November is the month of Thanksgiving. And Thanksgiving for most folks means time with family and friends (better yet, family who are friends), an appropriate but modestly-priced wine, and a turkey. Turkeys should live their brief sojourn on this earth in relative peace before winding up on our table. But that was not to be for the poor fowls in the recent Kent County (MI) Circuit Court case of White Acres, LLC et al v. Shur Green Farms, LLC et al.
The case involves a plethora of parties (hence the "et al"), all of whom were in the distribution chain of a biofuel called Lascadoil. Unlike its parent product, Lasalocid, Lascadoil is not an appropriate turkey-feed additive. (Does anything with "oil" in its name sound fit for human or animal consumption?) So when a bunch of turkeys died after eating feed tainted with Lascadoil, the lawsuits started flying; each party was sued by its downstream buyer who in turn sued its upstream seller. And numerous insurance companies entered the fray.
Before discussing the case itself, we need to talk about the differences between tort and contract claims. In the law, a tort is a civil wrong having the elements of duty, breach of duty, causation, and damages. Wrongful death is a common tort. For example, we go pheasant hunting, and I wave my loaded shotgun in your face. It discharges. You are killed entirely. Your estate sues me, alleging that I had a duty to handle my firearm safely. I breached that duty by discharging my loaded gun in your face which caused your death. And you (and your survivors) personally sustained damages because of my conduct; you're no longer around to give your family love and financial support.
But torts are - and should be - unrelated to contracts, and the damages are different. Contract damages depend on a contract stating the parties' respective duties, a party breaches one or more of these duties, and the other party suffers damages as a result. But the damages are economic, i.e., you didn't get what you bargained for (money or something valuable).
Even so, plaintiffs' trial lawyers are optimistic souls. They will argue anything if there's even a one percent chance that a court will agree. In the case at hand, they not only alleged breach of contract, but they also threw in several tort claims alleging negligence, intentional fraud, and "innocent misrepresentation." The defendants targeted with these negligence allegations asked Judge Christopher Yates to dismiss them under the economic loss doctrine, and he agreed.

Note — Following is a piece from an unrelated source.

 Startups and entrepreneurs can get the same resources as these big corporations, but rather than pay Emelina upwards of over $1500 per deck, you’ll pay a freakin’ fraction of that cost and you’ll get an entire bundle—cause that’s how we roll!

Judge Yates correctly found that the negligence claims couldn't stand because the economic loss doctrine bars tort recovery and limits remedies to those available under the Michigan Uniform Commercial Code where a claim for damages arises out of the commercial sale of goods and the losses are purely economic. There is an exception for damages caused by fraud in the inducement (i.e., a defendant's fraud induced a plaintiff to sign a contract for the purchase of Lascadoil as a feed additive), but no one alleged that tort. The Court let stand breach of contract claims, including breach of implied warranty, so the case will now continue on that basis.
Calculating probable damages in contract disputes can be tricky. You need an experienced team consisting of a competent lawyer (who isn't litigating the matter), an accountant, and risk manager to perform an accurate analysis. But alleging tort damages in a breach of contract case will likely get those allegations thrown out of court - and may earn you the judge's disrespect in the process.